Большие двери тронного зала неожиданно широко распахнулись, и раздался топот ног… маленьких, детских ног, радостно бегущих по залу, за их спасителем. Пока они бежали, их звонкие голоса возносили молитвы сэру Парамору.
Увидев детей, придворные спустились с помоста и бросились обнимать своих дочерей и сыновей, которых так долго держали в плену. Плач и причитания заглушили протесты Дорсума, который молча отступил назад, на свое место за троном. Казалось, будто сами звуки радости вынудили его вернуться в темноту.
Ухмыляющийся Парамор обратился к королю, заглушив возбужденные голоса:
– Полагаю, повелитель, вы у меня в долгу. Как мне было обещано, за спасение этих дорогих малышей, я прошу изящнейшей руки во всем Соссале. Руки вашей прекрасной дочери, принцессы Даэдры – вот чего я прошу.
Требование Парамора поддержали возгласы детей, оставивших своих родителей, чтобы столпиться у ног своего спасителя. Со своего места они горячо умоляли удовлетворить просьбу рыцаря.
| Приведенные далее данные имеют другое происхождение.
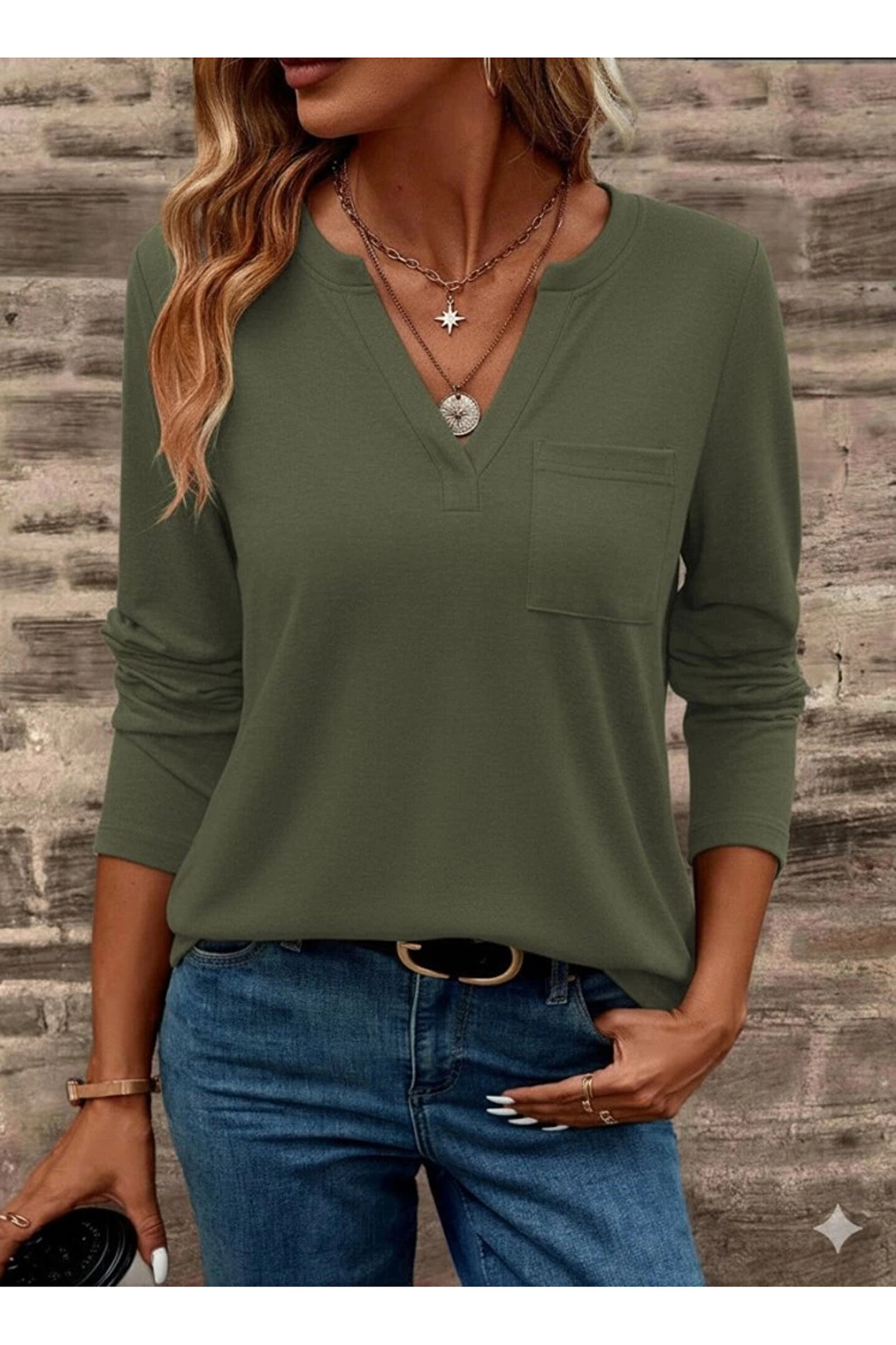 MDB Kadın Uzun Kollu Cepli V Yakalı Viskon Iki Iplik Bluz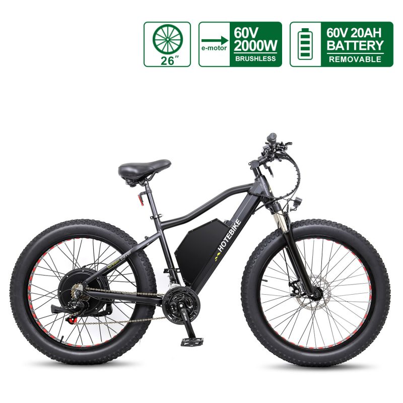 HOTEBIKE 2000 watt electric bike A7AT26 was designed with high power motor and high capacity battery and 26 inch fat tire to provide a superb ride on almost any terrain.

Молочно-белые щеки Даэдры покраснели, а губы сложились в кроваво-красную линию. Лицо короля застыло в раздумьях. Но прежде чем кто-либо успел что-то сказать, просьбы ребятни были заглушены сердитым криком:
– Умолкните, дети! – приказал худощавый придворный, его черные глаза сердито сверкали под такими же черными бровями и волосами. – У ваших желаний здесь нет веса. Рука принцессы была обещана мне еще со времен моего детства, еще со времен ее рождения. Этот выскочка-рыцарь, – последнее слово он произнес так, словно это было чем-то гадким, – не может украсть ее у меня, как и ваше наигранное мяуканье.
– Так и есть, – грустно сказал король, качая головой. Он замолчал, словно слушая чей-то тихий голос, шепчущий из-за трона. – Я вынужден согласиться, Парамор, и отдать руку принцессы лорду Фэррису.
Сэр Парамор убрал меч и сердито скрестил руки на груди.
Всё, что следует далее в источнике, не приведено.